The ten files in this module¶
- Overview (
index.md) - File Contracts, Targets, and Job Planning
- Convergence, Rerun Causes, and Hidden Inputs
- Wildcards, Binding, Ambiguity, and Constraints
- Config as Data, Profiles as Policy
- Atomic Publication, Logs, and Failure Evidence
- Worked Example: Repairing a Lying First Workflow
- Exercises
- Exercise Answers
- Glossary
How to use the file set¶
| If you need to... | Start here |
|---|---|
| understand why a rule runs, does not run, or is absent from the DAG | File Contracts, Targets, and Job Planning |
| explain why a workflow reruns forever or fails to rerun when it should | Convergence, Rerun Causes, and Hidden Inputs |
| make wildcard patterns precise enough to avoid accidental matches | Wildcards, Binding, Ambiguity, and Constraints |
| keep semantic inputs separate from execution policy | Config as Data, Profiles as Policy |
| stop partial outputs and improve failure evidence | Atomic Publication, Logs, and Failure Evidence |
| see the whole module as one repaired beginner workflow | Worked Example: Repairing a Lying First Workflow |
| test your own understanding | Exercises |
| compare your reasoning against a reference | Exercise Answers |
| stabilize the module vocabulary | Glossary |
The running question¶
Carry this question through every page:
what exact file contract or tracked change explains why Snakemake builds, skips, or reruns this output?

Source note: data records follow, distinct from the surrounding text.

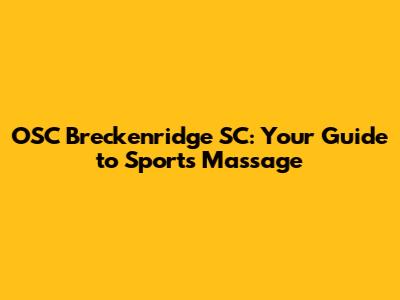 OSC Breckenridge SC: Your Guide To Sports Massage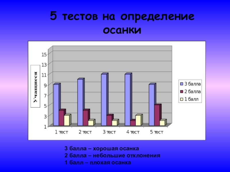 профилактики нарушения осанки, а также посредством теста научить ребят правильно определять осанку, то можно повысить эффективность формирования правильной осанки.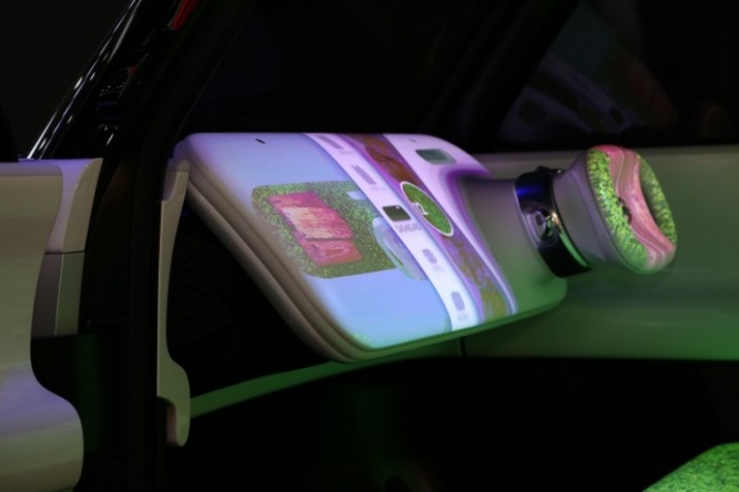 シートやドア内張などをスクリーン代わりに使い、様々な映像を映し出すことで、インテリアを様々にアレンジできる工夫がしてあるのだ。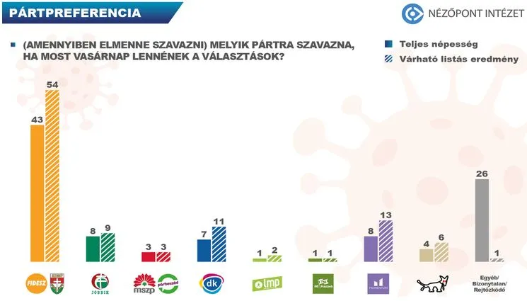 A Fidesz-KDNP országos listájára a biztos szavazók 54 százaléka voksolna, egy most vasárnapi választás esetén. Az ellenzéki összefogáshoz tartozó pártokra 16 százalékponttal kevesebben, mindössze a részvételüket biztosra ígérő polgárok 38 százaléka – derül ki a Nézőpont Intézet reprezentatív közvélemény-kutatásából.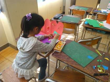 カッターの使い方をマスターし、工作に取り組みました。上手にカッターを使い、素敵な作品が出来上がりました。
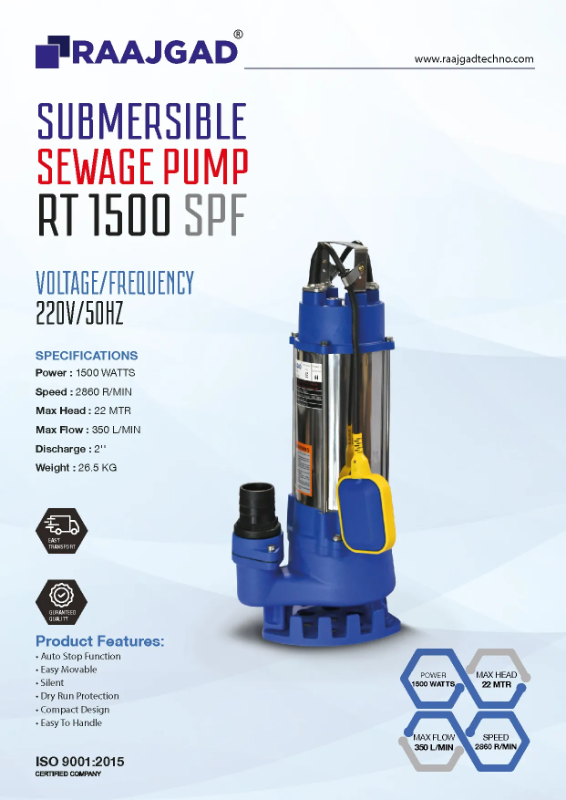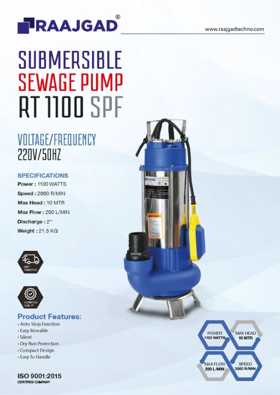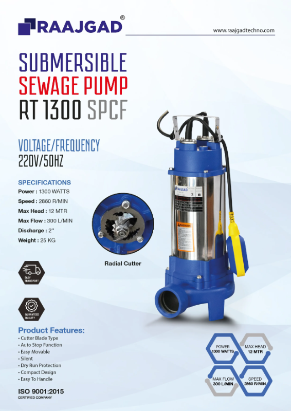 With the best quality of submersible sewage pumps in pune, Raajgad Pumps offers all sewage pumping solutions. We have over 24 years of expertise and in-depth knowledge of local needs and advanced pump technology. By choosing us, you gain guidance to select the right pump through our technicians and full-time support from installation to maintenance.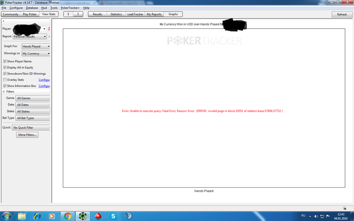 Stas_Bgr @ 4.1.2016 Здравствуйте! Все с прошедшими и наступающими праздниками! Нужна помощь! ПТ4 пользуюсь более 2 лет, вчера во время игровой сессии перестал работать хад на столе. раздачи не сохраняются. Сделал Rebuild Cache, проблема остается прежней. Все запускаю, но статов нет, и в диспетчере задач, в процессах появились не понятный pokertracker web4.exe и pokertracker had4.exe. Было ли у кого то же самое? Спасибо.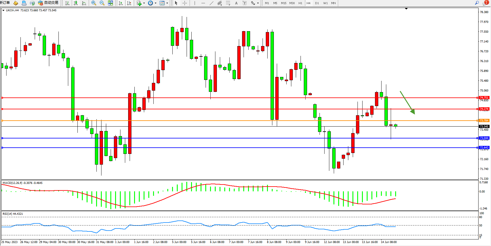 布油UKOil——4小时K线图显示:

Good Module 01 answers usually mention one or more of these:
- a concrete target path
- the rule output pattern that matches it
- the input or parameter that justifies the job
- the evidence route that confirms the explanation, such as dry-run, summary, DAG, or logs
- the publication rule that makes a final output trustworthy
Commands to keep close¶
These commands form the evidence loop for Module 01:
snakemake -n
snakemake --summary
snakemake --dag | dot -Tpdf > dag.pdf
snakemake --rulegraph | dot -Tpdf > rulegraph.pdf
snakemake --lint
They answer different questions:
- what would run
- who owns which files
- how jobs depend on each other
- how rules relate structurally
- which design smells already exist
Learning outcomes¶
By the end of this module, you should be able to:
- explain rules as file contracts and predict the resulting jobs
- prove convergence and diagnose rerun causes
- use wildcards precisely and recognize ambiguity early
- validate config early and keep profiles out of semantic workflow meaning
- publish outputs atomically and leave behind usable failure evidence
Exit standard¶
Do not move on until all of these are true:
- you can explain why a small workflow does or does not run a rule
- you can make a tiny workflow converge after a clean run
- you can show one ambiguous wildcard design and repair it
- you can distinguish config data from execution policy clearly
- you can explain why a final output is trustworthy or why it is poison
When those feel ordinary, Module 01 has done its job.